Bacterial spores possess a series of concentrically arranged protective structures that contribute to dormancy, survival and, ultimately, germination. One of these structures, the coat, is present in all spores. In Bacillus anthracis, however, the spore is surrounded by an additional, poorly understood, morphologically complex structure called the exosporium. Here, we characterize three previously discovered exosporium proteins called ExsFA (also known as BxpB), ExsFB (a highly related paralogue of exsFA/bxpB) and IunH (similar to an inosine-uridine-preferring nucleoside hydrolase). We show that in the absence of ExsFA/BxpB, the exosporium protein BclA accumulates asymmetrically to the forespore pole closest to the midpoint of the sporangium (i.e. the mother-cell-proximal pole of the forespore), instead of uniformly encircling the exosporium. ExsFA/BxpB may also have a role in coat assembly, as mutant spore surfaces lack ridges seen in wild-type spores and have a bumpy appearance. ExsFA/BxpB also has a modest but readily detected effect on germination. Nonetheless, an exsFA/bxpB mutant strain is fully virulent in both intramuscular and aerosol challenge models in Guinea pigs. We show that the pattern of localization of ExsFA/BxpB-GFP is a ring, consistent with a location for this protein in the basal layer of the exosporium. In contrast, ExsFB-GFP fluorescence is a solid oval, suggesting a distinct subcellular location for ExsFB-GFP. We also used these fusion proteins to monitor changes in the subcellular locations of these proteins during sporulation. Early in sporulation, both fusions were present throughout the mother cell cytoplasm. As sporulation progressed, GFP fluorescence moved from the mother cell cytoplasm to the forespore surface and formed either a ring of fluorescence, in the case of ExsFA/BxpB, or a solid oval of fluorescence, in the case of ExsFB. IunH-GFP also resulted in a solid oval of fluorescence. We suggest the interpretation that at least some ExsFB-GFP and IunH-GFP resides in the region between the coat and the exosporium, called the interspace.
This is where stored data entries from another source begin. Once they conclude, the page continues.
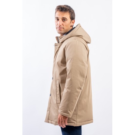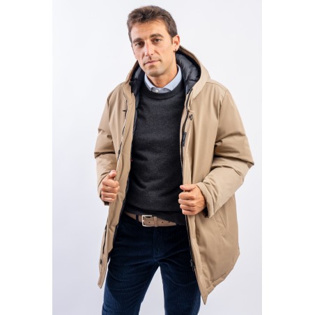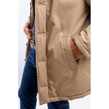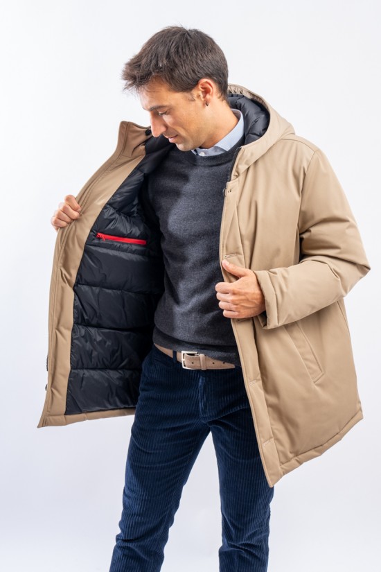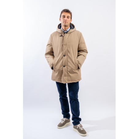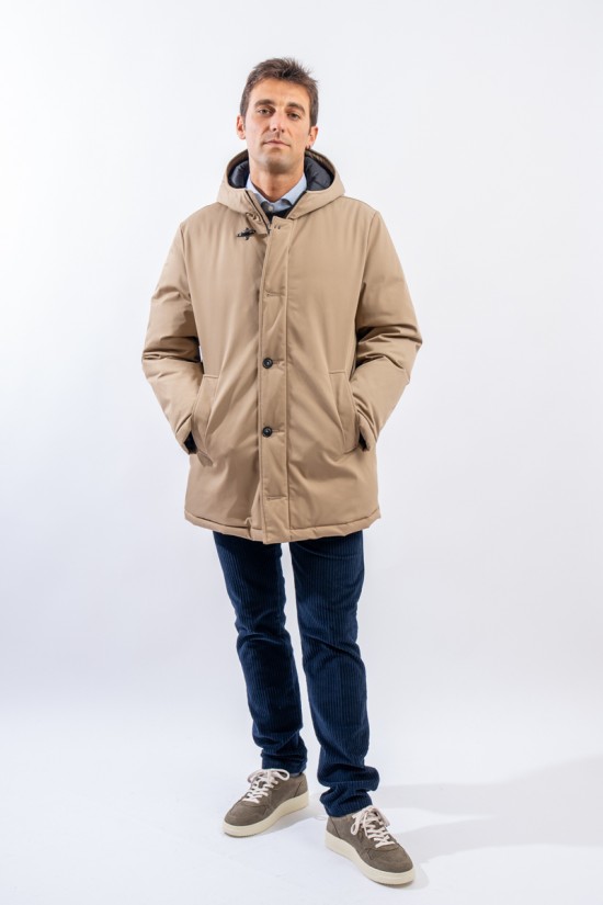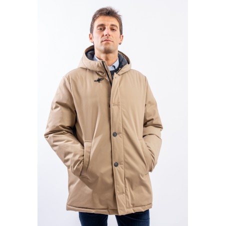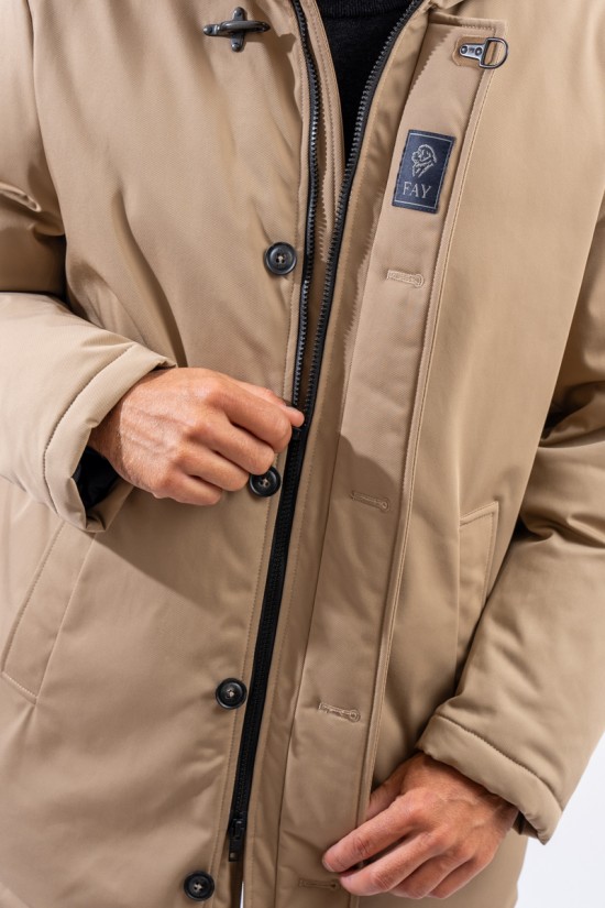 Caban interpretato e rivisto secondo i canonini stilistici del brand. E' realizzato in gabardine tecnico ed imbottito con le migliori piume selezionate. Il tessuto è trattato antigoccia e mantiene la sue caratteristiche di morbidezza e leggerezza. Dotato di tasche a filetto laterali, chiusura con zip e bottoni oltre all'iconico gancio Fay all'altezza del collo. Alleato ideale per affrontare l'inverno con stile!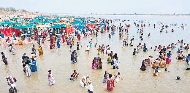 BHUPALPALLY: On the third day of the ongoing Saraswati Pushkaralu at the Triveni Sangam in Kaleshwaram, thousands of devotees thronged the Pushkar Ghat, turning the riverbank and roads into scenes reminiscent of the recent Maha Kumbh Mela. With the weekend rush, devotees performed sacred rituals and took holy dips in the river.
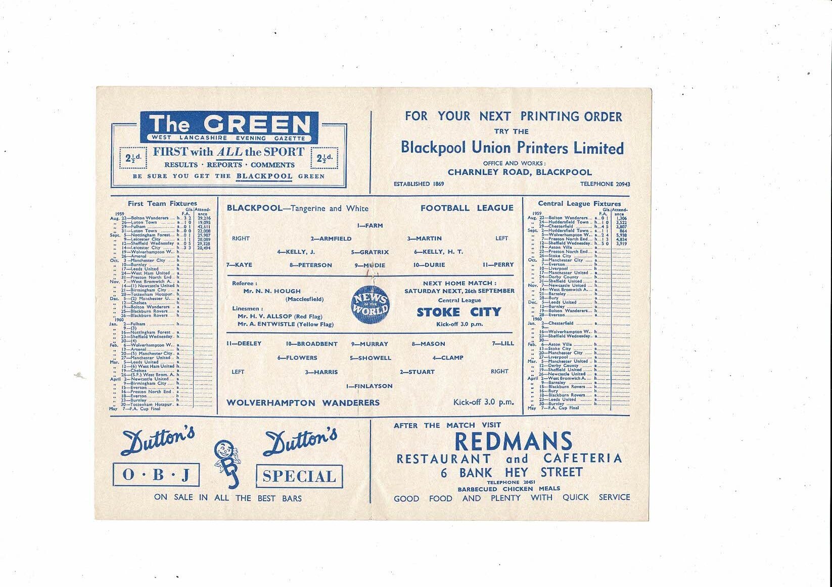 1959/60 Blackpool v Wolverhampton Wanderers Football Programme

Morphogenesis of the Bacillus anthracis spore.

Bacillus spp. and Clostridium spp. form a specialized cell type, called a spore, during a multistep differentiation process that is initiated in response to starvation. Spores are protected by a morphologically complex protein coat. The Bacillus anthracis coat is of particular interest because the spore is the infective particle of anthrax. We determined the roles of several B. anthracis orthologues of Bacillus subtilis coat protein genes in spore assembly and virulence. One of these, cotE, has a striking function in B. anthracis: it guides the assembly of the exosporium, an outer structure encasing B. anthracis but not B. subtilis spores. However, CotE has only a modest role in coat protein assembly, in contrast to the B. subtilis orthologue. cotE mutant spores are fully virulent in animal models, indicating that the exosporium is dispensable for infection, at least in the context of a cotE mutation. This has implications for both the pathophysiology of the disease and next-generation therapeutics. CotH, which directs the assembly of an important subset of coat proteins in B. subtilis, also directs coat protein deposition in B. anthracis. Additionally, however, in B. anthracis, CotH effects germination; in its absence, more spores germinate than in the wild type. We also found that SpoIVA has a critical role in directing the assembly of the coat and exosporium to an area around the forespore. This function is very similar to that of the B. subtilis orthologue, which directs the assembly of the coat to the forespore. These results show that while B. anthracis and B. subtilis rely on a core of conserved morphogenetic proteins to guide coat formation, these proteins may also be important for species-specific differences in coat morphology. We further hypothesize that variations in conserved morphogenetic coat proteins may play roles in taxonomic variation among species.